Limitations & Future Work

  • Currently only supporting Python, with a need to extend to other languages like Java and C++.
  • Next-generation reasoning models such as DeepSeek-R1 and GPT-o3-mini were not evaluated due to API instability.
  • Due to API limitations, DeepSeek-V2.5 was tested only up to 64K, failing to be evaluated on the full 128K range.
  • Semantic relation extraction relies on a specific embedding model (stella_en_400M_v5), which may introduce bias.
  • Code units are restricted to function granularity, without considering larger granularities like classes or modules.
  • No end-to-end correlation analysis from comprehension to generation is covered.
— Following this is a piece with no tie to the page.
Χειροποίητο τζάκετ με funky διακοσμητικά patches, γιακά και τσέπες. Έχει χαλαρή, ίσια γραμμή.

  • vs RepoQA: RepoQA only features a single needle function search task up to 16K, whereas ours contains 8 tasks covering up to 128K.
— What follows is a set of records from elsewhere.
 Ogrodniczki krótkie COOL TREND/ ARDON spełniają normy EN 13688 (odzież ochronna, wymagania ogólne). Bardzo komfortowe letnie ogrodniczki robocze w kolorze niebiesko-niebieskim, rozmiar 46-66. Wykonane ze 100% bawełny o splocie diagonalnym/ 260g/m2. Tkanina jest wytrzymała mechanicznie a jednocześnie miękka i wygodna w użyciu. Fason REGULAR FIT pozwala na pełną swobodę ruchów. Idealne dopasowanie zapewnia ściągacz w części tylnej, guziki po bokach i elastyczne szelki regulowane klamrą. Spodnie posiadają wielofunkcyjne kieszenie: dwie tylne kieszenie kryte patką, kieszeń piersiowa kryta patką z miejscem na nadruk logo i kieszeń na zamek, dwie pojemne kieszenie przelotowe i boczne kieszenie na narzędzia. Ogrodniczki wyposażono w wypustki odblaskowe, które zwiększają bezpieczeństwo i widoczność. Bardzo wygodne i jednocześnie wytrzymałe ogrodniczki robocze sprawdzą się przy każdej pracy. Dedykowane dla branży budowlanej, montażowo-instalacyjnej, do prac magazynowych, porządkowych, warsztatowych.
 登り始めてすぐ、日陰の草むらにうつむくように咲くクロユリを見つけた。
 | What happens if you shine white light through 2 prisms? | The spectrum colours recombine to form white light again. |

  • vs L-Eval: L-Eval uses artificial long code concatenated from independent code snippets and ignores dependencies, while ours uses real repository code.
  • vs SWE-bench: SWE-bench evaluates end-to-end capabilities integrating both comprehension and generation, while ours focuses on decoupling the understanding capability.
  • vs LongBench: LongBench has an average length of only 0.4K, whereas ours averages 54.8K, which belongs to completely different magnitudes.

Rating

  • Novelty: ⭐⭐⭐ A benchmark paper with comprehensive and systematic task designs, but limited methodological innovation.
  • Experimental Thoroughness: ⭐⭐⭐⭐⭐ 9 models, 8 tasks, 5 length intervals, with sufficient ablation and human validation.
  • Writing Quality: ⭐⭐⭐⭐ Clear structure, rich charts, and practical rules of thumb.
  • Value: ⭐⭐⭐⭐ Fills the gap in long code understanding evaluation; the discovery of the 32K cliff has direct instructing significance for model design.